Naproxen (NAP) is a nonsteroidal anti-inflammatory drug which has been widely used and frequently detected in water environments. This study investigated the NAP degradation in the chlorination and UV/chlorine disinfection processes, which usually acted as the last barriers for water treatment. The results showed that both chlorination and UV/chlorine disinfection could remove NAP effectively. At various chlorine dosages (0.1~0.5 mM), the contributions of chlorination and reactive radicals to the degradation of NAP in the UV/chlorine process were calculated to be 50.5~56.9% and 43.1~49.5%, respectively. However, the reactive radicals dominated in NAP degradation in alkaline solutions, while chlorination dominated in acidic conditions.

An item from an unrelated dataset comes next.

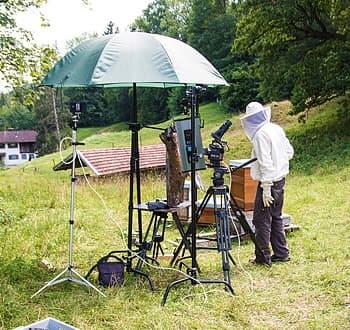 Brian baute auch eine Konstruktion, die uns erlaubte, die Kamera mit einer Fernbedienung zu steuern, denn bei Makroaufnahmen überträgt sich sogar der Pulsschlag des Kameramanns auf die Kamera, wenn er sie anfasst, verwackelt die Aufnahme. Wir verwendeten auch ein spezielles Makroobjektiv, das eher für die Forschung als für das Filmemachen entwickelt wurde und vieles mehr. Eine unserer größten Herausforderungen war das Filmen auf ‚Augenhöhe‘ mit den Bienen. Filmemacher meiden diese Perspektive normalerweise, denn wenn Sie eine Wabe aus der Perspektive einer Biene betrachten, sehen Sie nicht viel – nur unzählige Bienen.
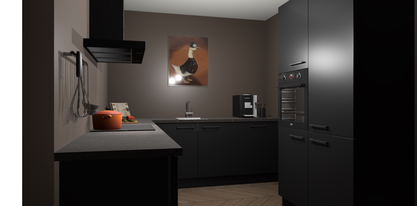 Met een modern, tijdloos design en ruime opslagruimte, zult u zich in no-time thuis voelen in uw nieuwe keuken. Uw leven wordt eenvoudiger met de soft-close deuren die voor het ultieme stille comfort zorgen - geen geluid dat u stoort terwijl u kookt. Ook is de keuken voorzien van 5 ingebouwde apparaten: een oven, inductie kookplaat, afzuigkap, vaatwasser en koelkast. Deze kunnen gemakkelijk na bestelling worden bijgewerkt naar AEG - waardoor uw luxe ervaring compleet is.

The HCO3 (10~50 mM) slightly inhibited, Cl (10~50 mM) gradually promoted, and HA (1~5 mg/L) significantly reduced NAP degradation by UV/chlorine process. The degradation intermediates and products were obtained via high-performance liquid chromatography with QE-MS/MS; NAP was degraded by demethylation, acetylation, and dicarboxylic acid pathways during the chlorination and UV/chlorination processes.

Keywords

Naproxen Chlorination UV/chlorine disinfection Kinetics Degradation products 

Notes

Funding information

This work was supported by the National Nature Science Foundation of China (51578066 and 51608036) and the Fundamental Research Funds for the Central Universities (No. 2015ZCQ-HJ-02).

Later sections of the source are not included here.